Knowing the definitions is one thing. Reading them under exam pressure is another. The habits that actually move marks are simple but need deliberate repetition.

  • Circle the verb before you write: every question, every time. Make it physical and mechanical so it survives exam stress.
  • Write the depth it demands at the top of your answer: "evaluate = judgement + criteria + evidence". One line, then write the response.
  • Match the structure to the verb: describe gets paragraphs of features, explain gets cause-effect chains, evaluate opens with a stance.
  • Use spaced repetition on the glossary: pair this with spaced repetition and active recall so the definitions are second nature, not something you have to retrieve mid-exam.
  • Compare your answer to the marking guide: when you practise with past papers, the marking guide tells you what verb-shaped response was expected. Read it after every attempt.

The fastest feedback loop is the one that flags command-word misreads while you can still remember why you wrote what you wrote.

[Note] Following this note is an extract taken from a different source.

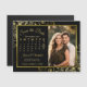 Estes belos cartões magnéticos negros e dourados são a forma perfeita de deixar a sua família e amigos saberem salvar a data do seu próximo casamento. O elegante design apresenta a sua dentro fotográfica de uma estrutura falsa de folha de alumínio de ouro com delicadas curvas e espirais nos cantos. Há uma inscrição no roteiro de ricos e um calendário personalizável mostrando seu mês de casamento com um coração ao redor do seu dia especial. Conveniente e prático, este cartão é certamente agradável.

Instant AI feedback aligned to your state's marking criteria catches a describe-as-explain or evaluate-without-judgement immediately, so the lesson lands while it is still fresh. For subject-specific guidance on what depth top-band markers reward, see how to move from Band 5 to Band 6 in HSC sciences (the principles transfer directly to Band A in QCE, high study scores in VCE, and top scaling in WACE).

How AusGrader Helps You Read Verbs Like a Marker

AusGrader's AI grades against the same rubrics human markers use. That means it catches command-word misreads in your responses that are easy to miss when you are self-marking.

  • Grading aligned to QCAA, NESA, VCAA, and SCSA marking criteria: feedback flags exactly where the verb's depth was not met, not just whether the content was correct.
  • Instant feedback on extended responses: write an evaluate response, get marked seconds later, see if your judgement was clear enough and where the criteria were missing.
  • Practise across question types: drill describe and explain short-answers, then full evaluate extended responses, all filtered by your syllabus topic.
  • Cross-state question pool: pull verb-rich questions from QCE, VCE, HSC, and WACE to practise the same command word in many different framings.

Read the Verb. Then Write the Answer.

Most students treat the command word as part of the question wording. It is not. It is the rubric, written in plain English, telling you exactly what depth and structure the marker is about to award marks for. Learn the families, drill the distinctions, and circle the verb every time. The marks come back fast.